Is there any practical difference between a Set and Collection in Java, besides the fact that a Collection can include the same element twice? They have the same methods.
(For example, does Set give me more options to use libraries which accept Sets but not Collections?)
edit: I can think of at least 5 different situations to judge this question. Can anyone else come up with more? I want to make sure I understand the subtleties here.
designing a method which accepts an argument of Set or Collection. Collection is more general and accepts more possibilities of input. (if I'm designing a specific class or interface, I'm being nicer to my consumers and stricter on my subclassers/implementers if I use Collection.)
designing a method which returns a Set or Collection. Set offers more guarantees than Collection (even if it's just the guarantee not to include one element twice). (if I'm designing a specific class or interface, I'm being nicer to my consumers and stricter on my subclassers/implementers if I use Set.)
designing a class that implements the interface Set or Collection. Similar issues as #2. Users of my class/interface get more guarantees, subclassers/implementers have more responsibility.
designing an interface that extends the interface Set or Collection. Very similar to #3.
writing code that uses a Set or Collection. Here I might as well use Set; the only reasons for me to use Collection is if I get back a Collection from someone else's code, or if I have to handle a collection that contains duplicates.

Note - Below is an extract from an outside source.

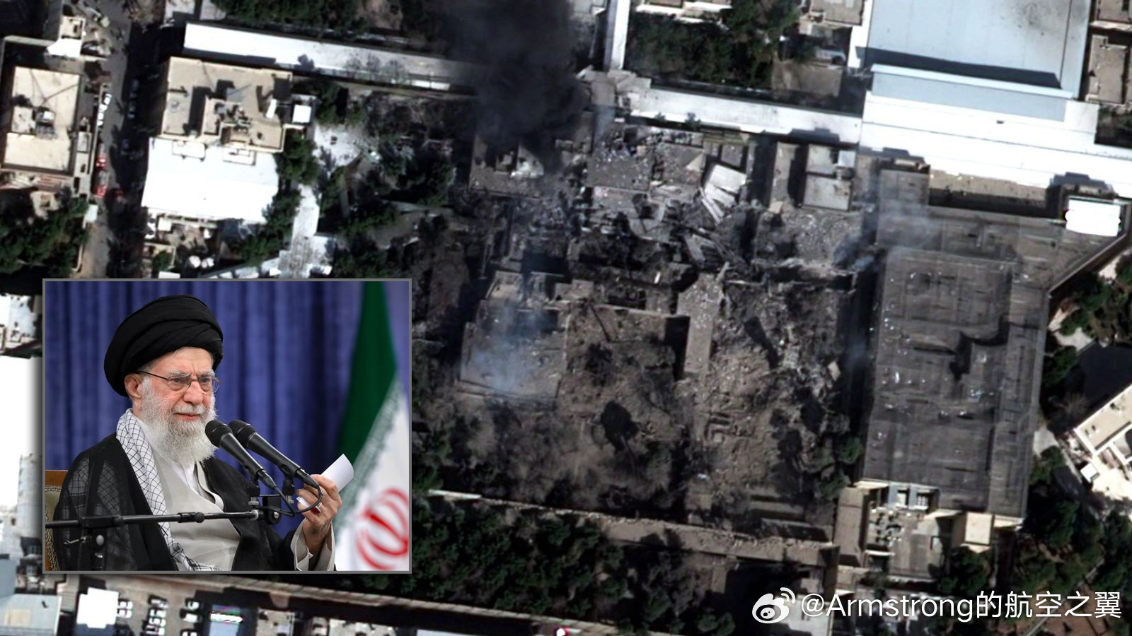 图为德黑兰遭受袭击的哈梅内伊官邸,据一些报道,哈梅内伊位于德黑兰的住所遭到多达 30 枚炸弹袭击,卫星照片显示多栋建筑物被毁。

Collection is also the supertype of List, Queue, Deque, and others, so it gives you more options. For example, I try to use Collection as a parameter to library methods that shouldn't explicitly depend on a certain type of collection.

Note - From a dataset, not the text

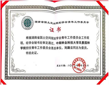 刘路云副教授受邀聘为湖南省国土空间规划学会青年工作委员会委员

Generally, you should use the right tool for the job. If you don't want duplicates, use Set (or SortedSet if you want ordering, or LinkedHashSet if you want to maintain insertion order). If you want to allow duplicates, use List, and so on.
I think you already have it figured out- use a Set when you want to specifically exclude duplicates. Collection is generally the lowest common denominator, and it's useful to specify APIs that accept/return this, which leaves you room to change details later on if needed. However if the details of your application require unique entries, use Set to enforce this.
Also worth considering is whether order is important to you; if it is, use List, or LinkedHashSet if you care about order and uniqueness.
See Java's Collection tutorial for a good walk-through of Collection usage. In particular, check out the class hierarchy.
As #mmyers states, Collection includes Set, as well as List.
When you declare something as a Set, rather than a Collection, you are saying that the variable cannot be a List or a Map. It will always be a Collection, though. So, any function that accepts a Collection will accept a Set, but a function that accepts a Set cannot take a Collection (unless you cast it to a Set).
One other thing to consider... Sets have extra overhead in time, memory, and coding in order to guarantee that there are no duplicates. (Time and memory because sets are usually backed by a HashMap or a Tree, which adds overhead over a list or an array. Coding because you have to implement the hashCode() and equals() methods.)
I usually use sets when I need a fast implementation of contains() and use Collection or List otherwise, even if the collection shouldn't have duplicates.
You should use a Set when that is what you want.
For example, a List without any order or duplicates. Methods like contains are quite useful.
A collection is much more generic. I believe that what mmyers wrote on their usage says it all.
The practical difference is that Set enforces the set logic, i.e. no duplicates and unordered, while Collection does not. So if you need a Collection and you have no particular requirement for avoiding duplicates then use a Collection. If you have the requirement for Set then use Set. Generally use the highest interface possibble.
As Collection is a super type of Set and SortedSet these can be passed to a method which expects a Collection. Collection just means it may or may not be sorted, order or allow duplicates.